“Oh, no!” I said; “and he does not throw at me.”
“Don’t shy at you now! Well, I wonder at that,” said Ike. “He’s a wunner at shying. He can hit anything with a stone. I’ve seen him knock over a bird afore now, and when he gets off in the fields of an evening I’ve often knowed him bring back a rabbit.”
“What does he do with it?”
“Do with it! Come, there’s a good ’un. Cook it down in the shed, and eat it. He’d eat a’most anything. But don’t you mind him. It don’t matter whether he’s pleased or whether he ain’t. If he’s too hard on you, hit him again, and don’t be afraid.”

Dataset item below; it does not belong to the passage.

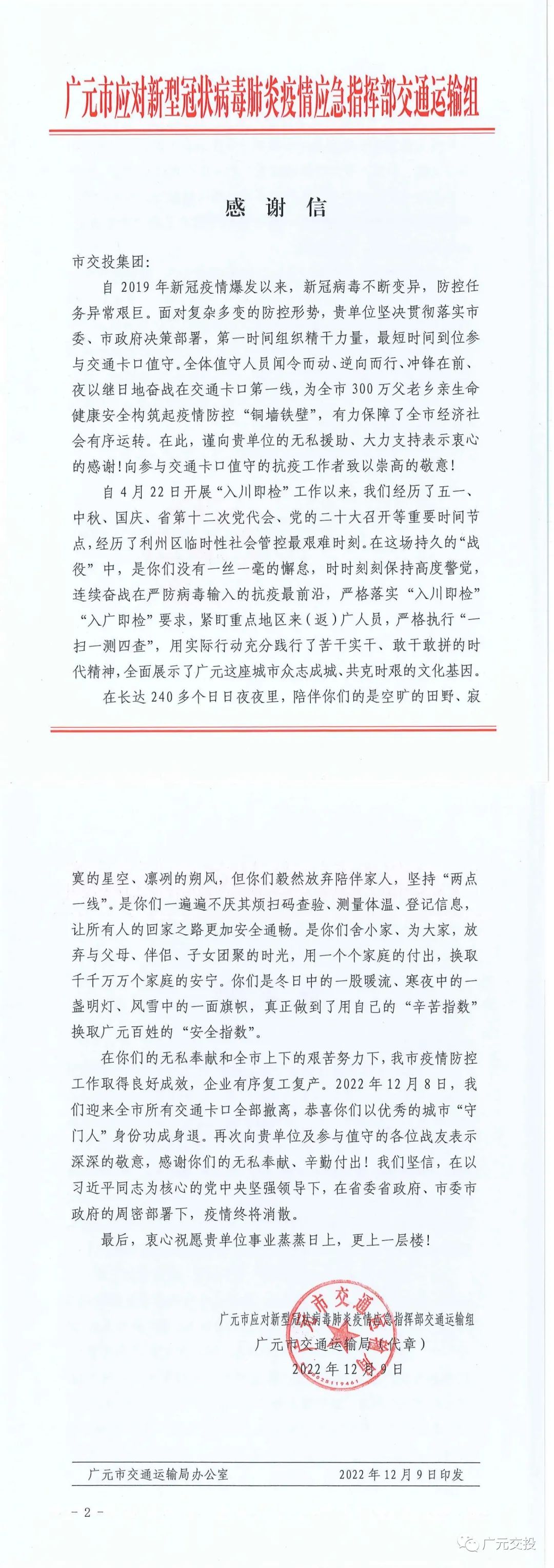 近日,廣元市應對新型冠狀病毒肺炎疫情應急指揮部交通運輸組發(fā)來(lái)感謝信,對廣元交投集團在防疫抗疫期間的工作表示了感謝。

In fact the more I saw of Shock, the more distant he grew; and though I tried to make friends with him by putting slices of bread and butter and bits of cold pudding in the shed down the garden that he used to like to make his home at meal-time and of an evening, he used to eat them, and we were as bad friends as ever.
One morning, when there was rather a bigger fire than usual down in the old tool-shed, I walked to the door, and found Shock on his knees apparently making a pudding of soft clay, which he was kneading and beating about on the end of the hearthstone.
I looked round for the twig, for I felt sure that he was going to use the clay for pellets to sling at me, but there was no stick visible.
As I came to the doorway he just glanced over his shoulder; and then, seeing who it was, he shuffled round a little more and went on.
“What are you doing, Shock?” I asked.
He made no reply, but rapidly pinched off pieces of the clay and roughly formed them into the head, body, legs, and arms of a human being, which he set up against the wall, and then with a hoarse laugh knocked into a shapeless mass with one punch of his clay-coated fist.